The AI perception gap | WARC | The Feed
The Feed
Read daily effectiveness insights and the latest marketing news, curated by WARC’s editors.
You didn’t return any results. Please clear your filters.
The AI perception gap
Artificial intelligence has been a part of the mainstream conversation since the arrival of OpenAI’s ChatGPT in late 2022, but while the technology is becoming more powerful, users are also coming to terms with its limitations.
The crux of the matter
Generative AI is understood to have great potential if you need to produce a lot of text or imagery. Using a publicly available beta version, like the free ChatGPT that many people have tried, obscures the big costs of running an AI system. This is especially true when models are much less accurate than they need to be, as they don’t have robust oversight over what AI systems are producing.
Cycles of hype follow a pretty predictable curve when excitement dissipates once the rubber hits the road and a technology’s limitations become clear.
Research points toward impact-optimised image generation
First, the good news. Lumen reports positive results from a trial of AI creative tools with Diageo which could be optimised for “difference” performance metrics. In this case, the attention the ads commanded were “significantly” more than in Lumen’s average benchmarks.
For marketers needing to generate not ideas but sheer output rather than creative strategies or platforms, the signals are positive.
Or at least, positive for a balance sheet. Lumen also notes a 2023 Kantar study showing that on certain brand metrics AI had the potential to be at least as good as human-made creative. On the surface, this looks a lot cheaper at the HR level.
But costs are ramping up. You may be able to sack your creatives, but with demand soaring for AI-skilled engineers there may be a different set of costs to consider. Not least environmental, as the sheer amount of computing power increases.

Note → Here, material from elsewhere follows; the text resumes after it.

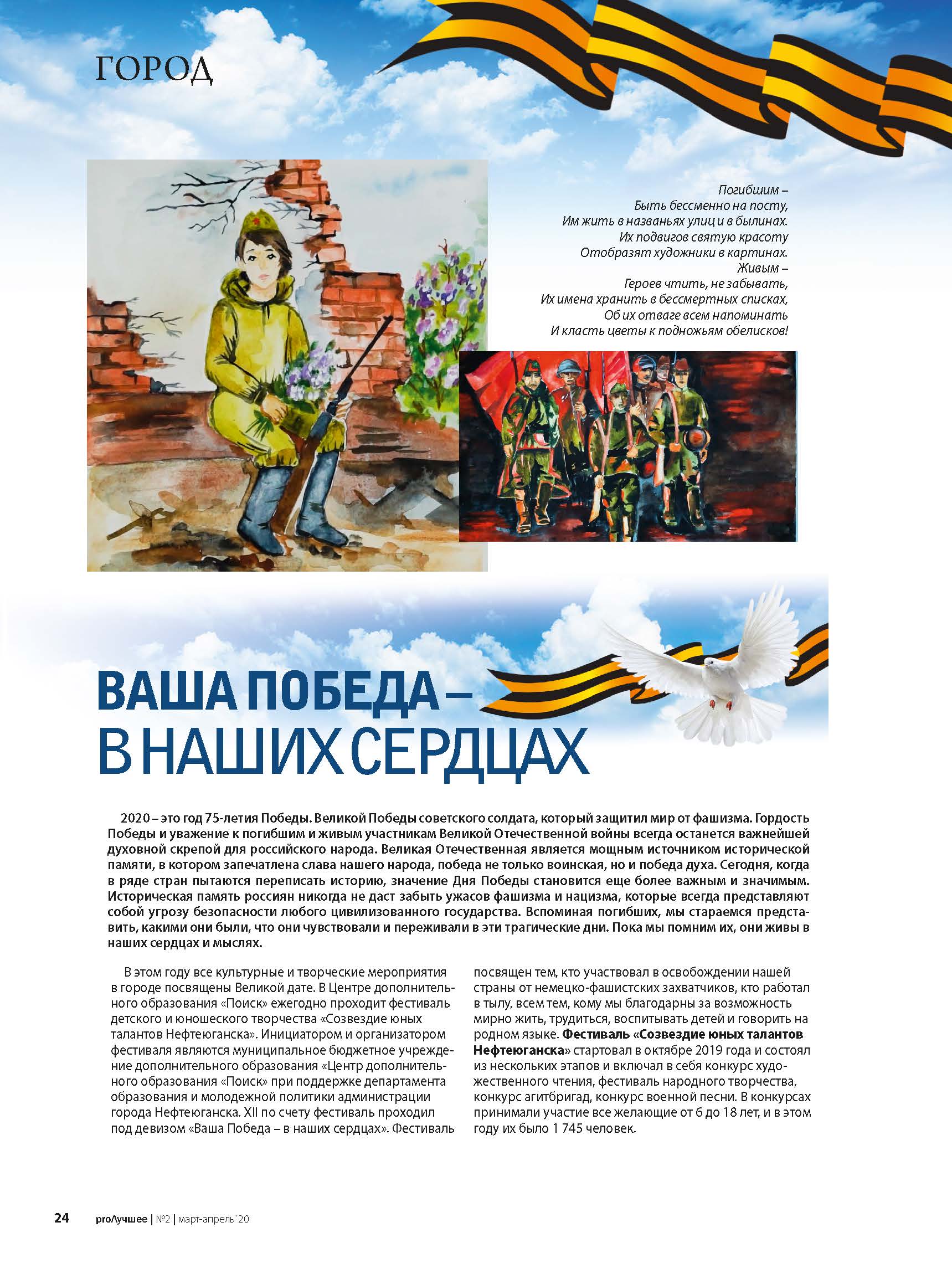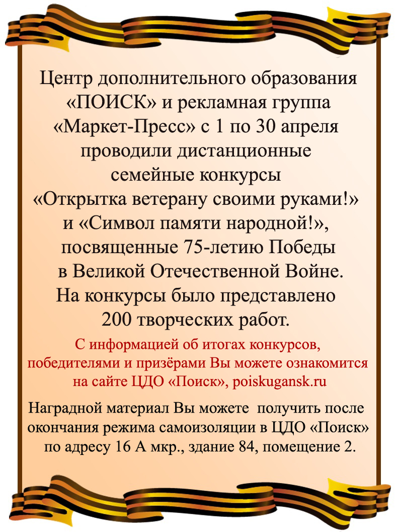 9 Мая 2020 года вся страна будет праздновать 75-летие Победы русского народа в Великой Отечественной войне. В честь празднования 75-летия Победы Центр дополнительного образования «Поиск» совместно с рекламной группой «Маркет ПРЕСС» с первого по тридцатое апреля проводил дистанционный семейный конкурс чтецов «Мы о войне стихами говорим!».

Stanford AI index: money and nerves
Concerns about cost will be clear to readers of Stanford’s AI Index, which puts some numbers behind the staggering computing costs needed to train an AI – costs that are only rising as models get bigger. “OpenAI’s GPT-4 used an estimated $78 million worth of compute to train, while Google’s Gemini Ultra cost $191 million for compute,” notes the AI Index report.
There is, admittedly, a lot of money flowing in. Funding for GenAI has octupled since 2022 to reach $25.2bn. But investors are not the public, 52% of whom express nervousness about AI coming to products and services – a 13% year-on-year increase.
With figures so large required, industry leads the academic or government in development by a long, long way. But industry brings with it challenges: companies need to make sure their models look (and, vitally, sound) impressive to clients and imposters. Robust, standardized evaluations of LLM responsibility are scant.
AI is going to take longer to generate returns than thought
Data from ETR, a research firm specialising in an ongoing panel of tech decision makers, finds that gaps in the rate of application of this new technology are emerging, despite the majority (80%) of companies surveyed having evaluated the potential applications of AI in their business.
Unsurprisingly, leadership tends to be much more optimistic than the experts, with some of the biggest gulfs found in the expected short-term returns (three months) – a timeframe in which 21% of C-suite leaders expect returns compared to just 10% of experts. This is based on a smaller subset of respondents at companies that have “implemented” generative AI features.
“I do think the hype cycle, because of how quickly it moved, the pendulum is stalling and swinging back a little bit,” explained Erik Bradley, ETR chief strategist and research director, in comments to Sherwood, a business news website. “People are recognizing it's still important, it's still going to be there. It might not be the panacea, the savior of their enterprise at this stage.”